Il va du bruit de ses exploits
Réveiller les échos de Thèbe et de Palmire.
Il revient ; tout tremble à sa voix ;
Républicains trompés, courbez-vous sous l’empire !
Le midi de sa gloire alors le couronna
Des rayons d’Austerlitz, de Wagram, d’Iéna.
Esclaves et tyrans, sa gloire était la nôtre,
Et d’un de ses deux bras, qui nous donna des fers,
Appuyé sur la France, il enchaînait de l’autre
Ce qui restait de l’univers.

Non, rien n’ébranlera cette vaste puissance !…
L’île d’Elbe à mes yeux se montre et me répond :
C’est là qu’il languissait, l’œil tourné vers la France.
Mais un brick fend ces mers : « Courbez-vous sur le pont !
« A genoux ! le jour vient d’éclore ;
« Couchez-vous sur cette arme inutile aujourd’hui !
« Cachez ce lambeau tricolore… »
C’est sa voix : il aborde, et la France est à lui.

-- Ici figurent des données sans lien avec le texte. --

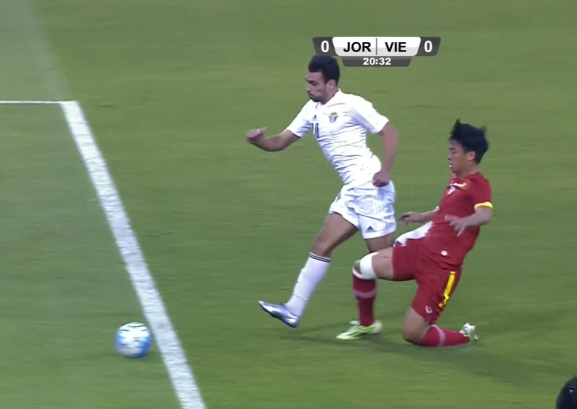 15': Bùi Tiến Dũng nhận thẻ vàng sau pha vào bóng nguy hiểm. U23 Jordan được hưởng quả đá phạt nguy hiểm ở khoảng cách chừng 20 m.
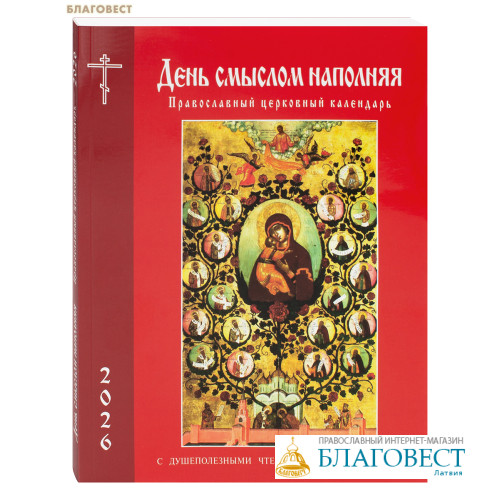 Православный церковный календарь «День смыслом наполняя» содержит на каждый день церковного года душеполезные чтения, в которых основы жизни по Евангелию раскрываются через воспоминание великих людей Родной земли и приобщение к духовному опыту святых. В календаре подробно повествуется о многих святых и церковно-исторических событиях, юбилеи которых будут отмечаться в 2026 году. Среди них – 700-летие преставления святителя Петра, митрополита Киевского, Московского и всея Руси, 600-летие преставления преподобного Никона, игумена Радонежского, ученика преподобного Сергия, 100-летие преставления святителя Московского Макария (Невского), а также 375-летие со дня рождения святителя Димитрия, митрополита Ростовского, 25-летие прославления праведного воина Феодора Ушакова. В 2026 году исполняется 80 лет со дня рождения Святейшего Патриарха Московского и всея Руси Кирилла.Календарь включает месяцеслов с богослужебными заметками, который также содержит указания на ежедневные чтения из Священного Писания, возглашаемые в храмах за богослужением. В справочный раздел календаря включен список церковных праздников и памятных дат, указание о постах и трапезе, перечень дней особого поминовения усопших и др. Издание хорошо иллюстрировано и рассчитано на широкий круг читателей.На обложке календаря на 2026 год репродукция иконы Симона Ушакова – Похвала Владимирской иконе Божией Матери (насаждение Древа государства Российского).

Il la joue, il la perd ; l’Europe est satisfaite,
Et l’aigle, qui, tombant aux pieds du léopard,
Change en grand capitaine un héros de hasard,
Illustre aussi vingt rois, dont la gloire muette
N’eut jamais retenti dans la postérité ;
Et d’une part dans sa défaite,
Il fait à chacun d’eux une immortalité.

Il n’a régné qu’un jour ; mais à travers l’orage
Il versait tant d’éclat sur son peuple séduit,
Que le jour qui suivit son rapide passage,
Terne et décoloré, ressemblait à la nuit.

La Liberté parut : son flambeau tutélaire,
Brûlant d’un feu nouveau, nous guide et nous éclaire.